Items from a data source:

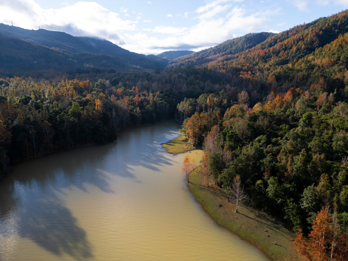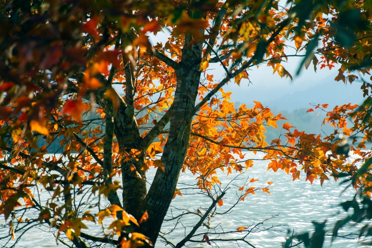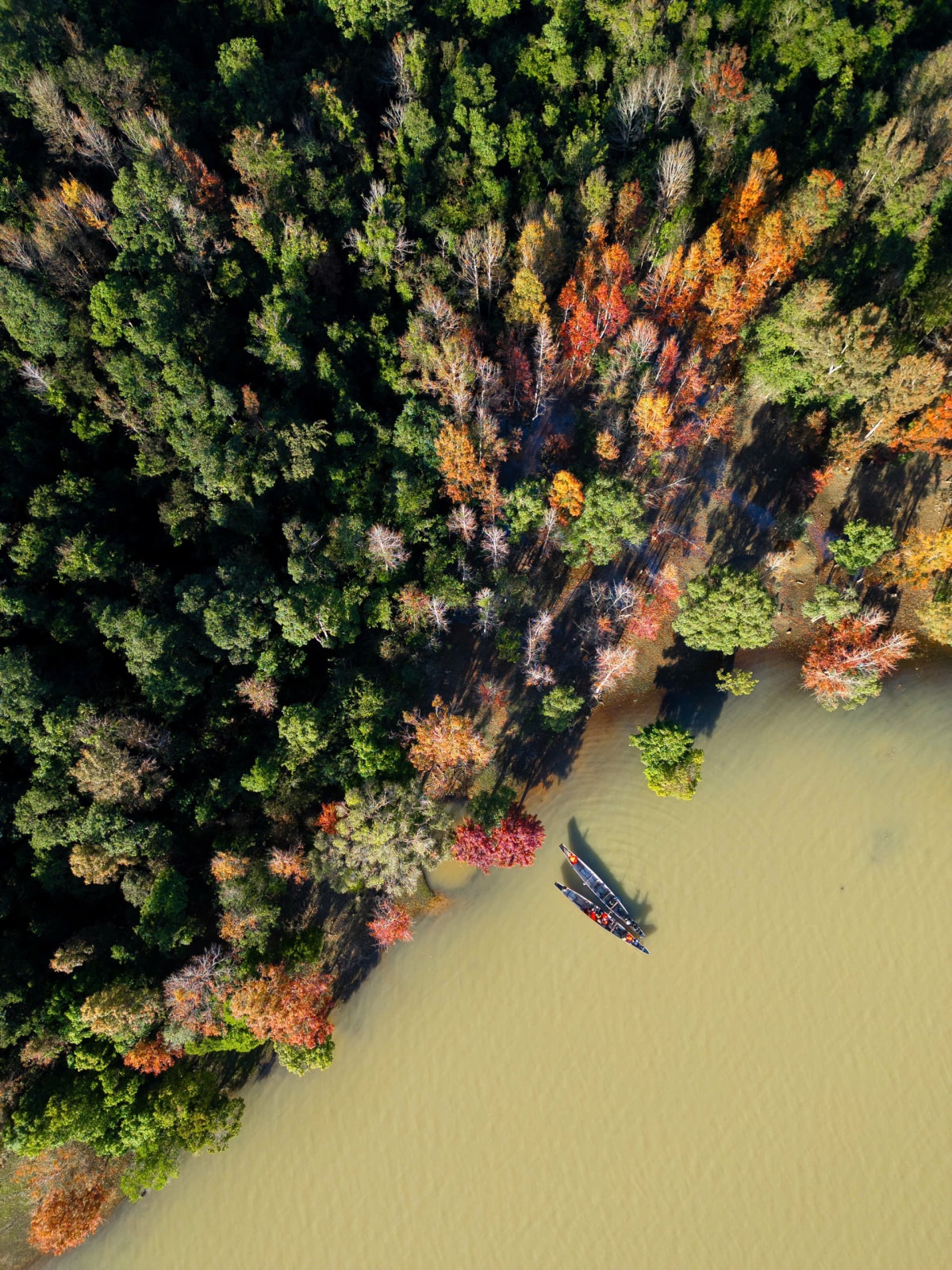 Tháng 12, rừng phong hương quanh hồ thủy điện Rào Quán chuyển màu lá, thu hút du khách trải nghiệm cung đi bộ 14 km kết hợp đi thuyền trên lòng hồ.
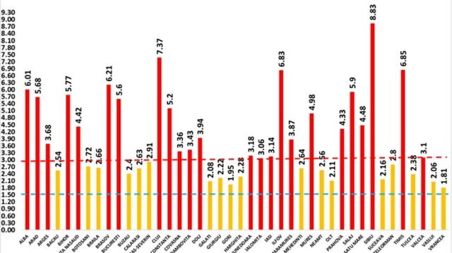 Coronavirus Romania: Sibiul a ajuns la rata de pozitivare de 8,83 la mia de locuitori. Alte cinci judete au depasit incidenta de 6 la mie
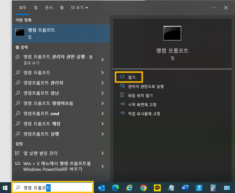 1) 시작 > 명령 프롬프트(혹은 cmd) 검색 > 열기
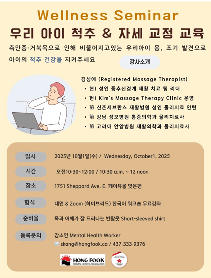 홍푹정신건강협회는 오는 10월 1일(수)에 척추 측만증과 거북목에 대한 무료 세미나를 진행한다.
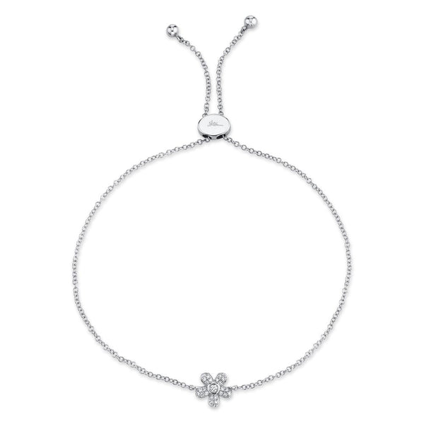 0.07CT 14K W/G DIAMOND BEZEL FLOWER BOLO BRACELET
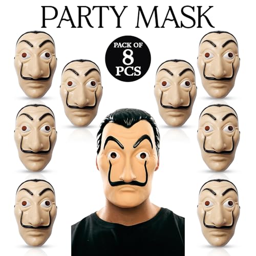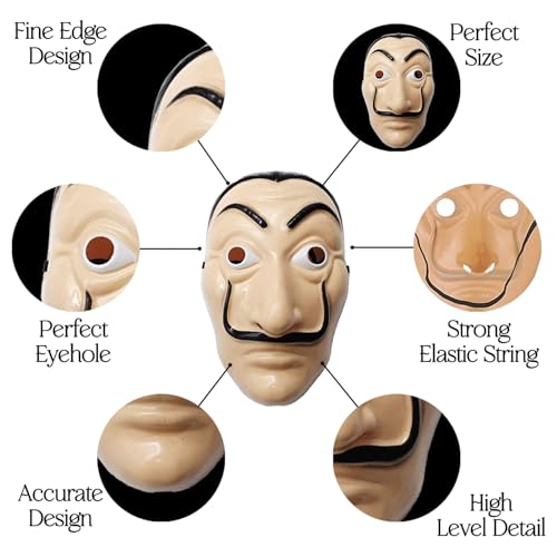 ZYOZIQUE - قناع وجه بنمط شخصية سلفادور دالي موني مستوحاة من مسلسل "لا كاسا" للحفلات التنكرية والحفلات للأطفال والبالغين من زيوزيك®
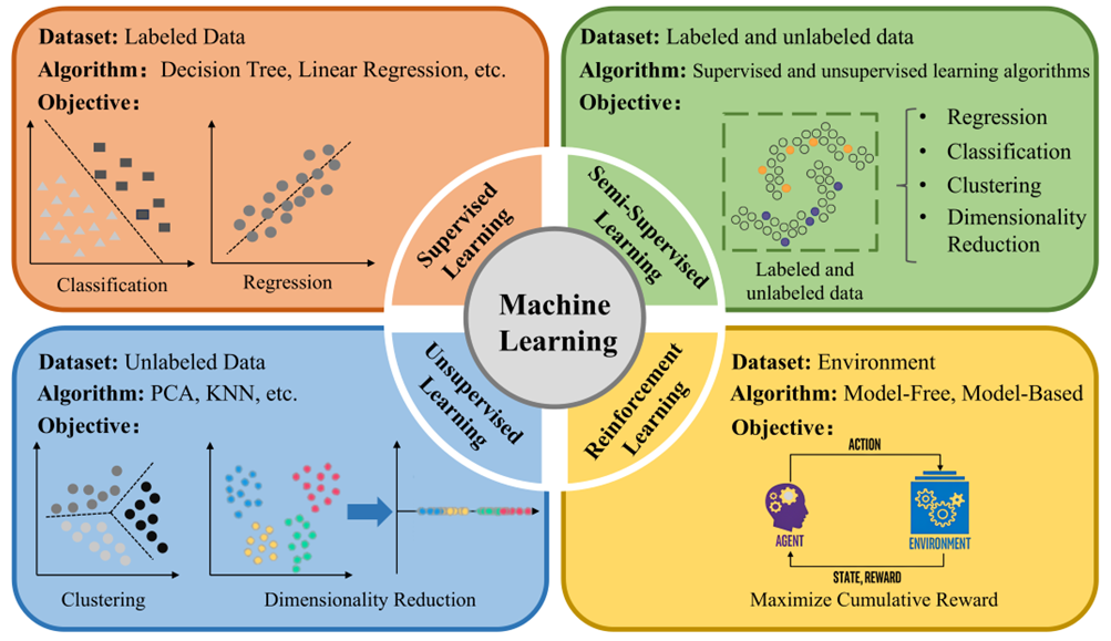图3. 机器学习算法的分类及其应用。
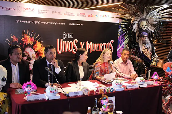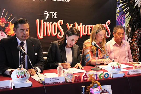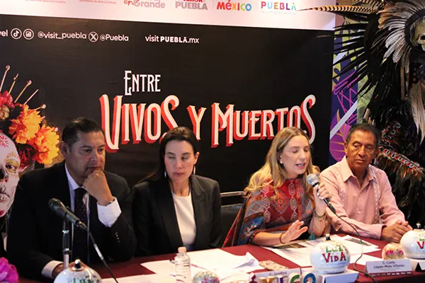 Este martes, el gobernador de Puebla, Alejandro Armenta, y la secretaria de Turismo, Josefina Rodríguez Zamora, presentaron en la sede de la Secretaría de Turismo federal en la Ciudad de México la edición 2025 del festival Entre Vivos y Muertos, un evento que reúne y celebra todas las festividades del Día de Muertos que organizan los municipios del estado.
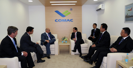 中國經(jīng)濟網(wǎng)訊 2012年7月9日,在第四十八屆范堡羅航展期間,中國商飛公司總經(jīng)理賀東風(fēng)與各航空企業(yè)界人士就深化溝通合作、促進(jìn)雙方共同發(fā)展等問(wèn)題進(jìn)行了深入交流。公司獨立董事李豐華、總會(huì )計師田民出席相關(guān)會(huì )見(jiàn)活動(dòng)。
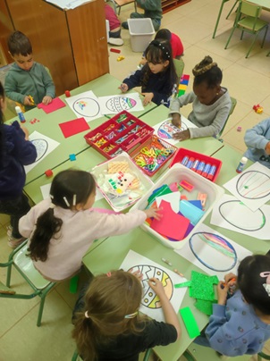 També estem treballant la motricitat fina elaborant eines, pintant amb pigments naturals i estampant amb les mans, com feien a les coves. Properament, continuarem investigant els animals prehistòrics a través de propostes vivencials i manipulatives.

EXERCISE INSTRUCTIONS: Above are the records; reproduce them exactly and leave out the pictures.

ANSWER TO THE EXERCISE:
 Tháng 12, rừng phong hương quanh hồ thủy điện Rào Quán chuyển màu lá, thu hút du khách trải nghiệm cung đi bộ 14 km kết hợp đi thuyền trên lòng hồ.
 Coronavirus Romania: Sibiul a ajuns la rata de pozitivare de 8,83 la mia de locuitori. Alte cinci judete au depasit incidenta de 6 la mie
 1) 시작 > 명령 프롬프트(혹은 cmd) 검색 > 열기
 홍푹정신건강협회는 오는 10월 1일(수)에 척추 측만증과 거북목에 대한 무료 세미나를 진행한다.
 0.07CT 14K W/G DIAMOND BEZEL FLOWER BOLO BRACELET
 ZYOZIQUE - قناع وجه بنمط شخصية سلفادور دالي موني مستوحاة من مسلسل "لا كاسا" للحفلات التنكرية والحفلات للأطفال والبالغين من زيوزيك®
图3. 机器学习算法的分类及其应用。
 Este martes, el gobernador de Puebla, Alejandro Armenta, y la secretaria de Turismo, Josefina Rodríguez Zamora, presentaron en la sede de la Secretaría de Turismo federal en la Ciudad de México la edición 2025 del festival Entre Vivos y Muertos, un evento que reúne y celebra todas las festividades del Día de Muertos que organizan los municipios del estado.
 中國經(jīng)濟網(wǎng)訊 2012年7月9日,在第四十八屆范堡羅航展期間,中國商飛公司總經(jīng)理賀東風(fēng)與各航空企業(yè)界人士就深化溝通合作、促進(jìn)雙方共同發(fā)展等問(wèn)題進(jìn)行了深入交流。公司獨立董事李豐華、總會(huì )計師田民出席相關(guān)會(huì )見(jiàn)活動(dòng)。
 També estem treballant la motricitat fina elaborant eines, pintant amb pigments naturals i estampant amb les mans, com feien a les coves. Properament, continuarem investigant els animals prehistòrics a través de propostes vivencials i manipulatives.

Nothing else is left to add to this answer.